=== EXERCISE DESCRIPTION ===
Write out the data below exactly, from its first line to the line containing "10月20日、地区班活動・集", that line included.

Data records:

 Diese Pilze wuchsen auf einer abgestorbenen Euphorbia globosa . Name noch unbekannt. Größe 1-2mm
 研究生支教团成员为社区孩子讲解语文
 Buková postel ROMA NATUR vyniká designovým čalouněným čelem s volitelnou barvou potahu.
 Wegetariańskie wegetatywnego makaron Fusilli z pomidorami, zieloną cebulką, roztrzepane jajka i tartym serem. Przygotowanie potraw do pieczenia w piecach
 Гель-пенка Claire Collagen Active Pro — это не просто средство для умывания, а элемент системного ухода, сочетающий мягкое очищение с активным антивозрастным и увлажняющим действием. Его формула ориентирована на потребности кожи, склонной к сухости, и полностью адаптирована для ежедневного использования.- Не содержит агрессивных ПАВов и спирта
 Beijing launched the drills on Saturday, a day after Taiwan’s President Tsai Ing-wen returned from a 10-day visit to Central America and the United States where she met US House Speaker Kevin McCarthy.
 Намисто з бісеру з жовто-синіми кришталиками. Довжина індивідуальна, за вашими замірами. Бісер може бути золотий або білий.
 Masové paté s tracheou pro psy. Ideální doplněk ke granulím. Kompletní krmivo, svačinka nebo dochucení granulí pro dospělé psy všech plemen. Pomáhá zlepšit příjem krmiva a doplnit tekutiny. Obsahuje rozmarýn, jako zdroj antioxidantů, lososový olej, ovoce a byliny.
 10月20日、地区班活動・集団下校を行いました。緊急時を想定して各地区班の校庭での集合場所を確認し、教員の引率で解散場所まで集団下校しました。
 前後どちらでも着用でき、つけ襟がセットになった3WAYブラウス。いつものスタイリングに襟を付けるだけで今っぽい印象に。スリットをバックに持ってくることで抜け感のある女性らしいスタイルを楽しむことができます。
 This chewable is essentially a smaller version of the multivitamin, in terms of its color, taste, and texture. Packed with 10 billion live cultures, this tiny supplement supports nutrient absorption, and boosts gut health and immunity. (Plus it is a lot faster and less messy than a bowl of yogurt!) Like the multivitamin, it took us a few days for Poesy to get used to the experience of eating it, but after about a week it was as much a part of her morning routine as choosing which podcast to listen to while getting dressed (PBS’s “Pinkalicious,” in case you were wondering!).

=== EXERCISE OUTPUT ===
 Diese Pilze wuchsen auf einer abgestorbenen Euphorbia globosa . Name noch unbekannt. Größe 1-2mm
 研究生支教团成员为社区孩子讲解语文
 Buková postel ROMA NATUR vyniká designovým čalouněným čelem s volitelnou barvou potahu.
 Wegetariańskie wegetatywnego makaron Fusilli z pomidorami, zieloną cebulką, roztrzepane jajka i tartym serem. Przygotowanie potraw do pieczenia w piecach
 Гель-пенка Claire Collagen Active Pro — это не просто средство для умывания, а элемент системного ухода, сочетающий мягкое очищение с активным антивозрастным и увлажняющим действием. Его формула ориентирована на потребности кожи, склонной к сухости, и полностью адаптирована для ежедневного использования.- Не содержит агрессивных ПАВов и спирта
 Beijing launched the drills on Saturday, a day after Taiwan’s President Tsai Ing-wen returned from a 10-day visit to Central America and the United States where she met US House Speaker Kevin McCarthy.
 Намисто з бісеру з жовто-синіми кришталиками. Довжина індивідуальна, за вашими замірами. Бісер може бути золотий або білий.
 Masové paté s tracheou pro psy. Ideální doplněk ke granulím. Kompletní krmivo, svačinka nebo dochucení granulí pro dospělé psy všech plemen. Pomáhá zlepšit příjem krmiva a doplnit tekutiny. Obsahuje rozmarýn, jako zdroj antioxidantů, lososový olej, ovoce a byliny.
 10月20日、地区班活動・集団下校を行いました。緊急時を想定して各地区班の校庭での集合場所を確認し、教員の引率で解散場所まで集団下校しました。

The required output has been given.